One of the things that I learned from the television series M*A*S*H was the need for triage. In the hospital setting, triage is the process of determining the priority of patients’ treatments based on the severity of their condition. At the Dow Jones Global Compliance Symposium, there were a couple of panels which discussed the need for triage in your compliance program around issues that are reported through a company’s internal reporting mechanism.
Given the number of ways that information about violations or potential violations of the Foreign Corrupt Practices Act (FCPA) can be communicated to the Department of Justice (DOJ) having a robust triage system is an important way that a company can separate the wheat from the chaff and bring the right number of resources to bear on a FCPA problem. Kevin O’Connor, Vice President (VP) for Global Compliance, United Technologies Corp, said that one of the things that this is important in making an initial determination of whether to bring in outside counsel to head up an investigation. It is also important in a determination of the resources that you may want or need to commit to a problem. Ty Cobb, a partner at Hogan Lovells, put it this way “How much information do you need to know before you go to outside counsel? Quite a bit.” Another panelist, Jamie Gorelick, partner at WilmerHale, put it in a different manner when she said “you have to kick the tires” so that you know the circumstances in front of you before you make the decision to go to outside counsel.

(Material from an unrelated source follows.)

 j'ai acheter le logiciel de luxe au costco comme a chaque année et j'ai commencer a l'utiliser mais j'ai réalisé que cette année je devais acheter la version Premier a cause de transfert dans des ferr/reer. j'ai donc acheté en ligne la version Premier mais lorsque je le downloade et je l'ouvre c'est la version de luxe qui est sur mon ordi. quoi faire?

But even if you kick the tires and determine that you do need to involve outside counsel, there are still ways in which a corporation can work to control the costs of a FCPA investigation. O’Conner said that United Technologies is able to keep the costs down by having a very robust team of investigators embedded in many departments across the company, outside of the compliance function. O’Connor said that these employees come from employment and professional backgrounds which trained them in the basics of investigations. Many of these United Technologies employees come from law enforcement but there are other professions such as national security, foreign service, the intelligence community, human resources and others.

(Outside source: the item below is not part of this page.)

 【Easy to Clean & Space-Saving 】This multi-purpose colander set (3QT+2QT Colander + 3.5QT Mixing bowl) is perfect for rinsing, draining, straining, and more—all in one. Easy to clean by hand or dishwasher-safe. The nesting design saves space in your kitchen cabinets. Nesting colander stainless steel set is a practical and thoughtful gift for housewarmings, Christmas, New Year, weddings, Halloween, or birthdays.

O’Connor said that the key is to hire people with a background and prior training investigations. These investigators receive FCPA and other compliance training while at United Technologies so that if a major incident arises they can be used to supplement outside counsel personnel who may lead an investigation. In this way, United Technologies is able to keep outside counsel from sending lawyers all over the world and thereby run up the costs of a FCPA investigation. This concept was put another way by another panelist, David Yawman, Senior Vice President & Chief Compliance and Ethics Officer, PepsiCo Inc., who said that he “wants to be building sprinkler systems and not fighting fires”. He explained this meant that he wants to have trained personnel available to him, who can have their primary function outside the compliance group but can be called upon as needed in such a FCPA investigation.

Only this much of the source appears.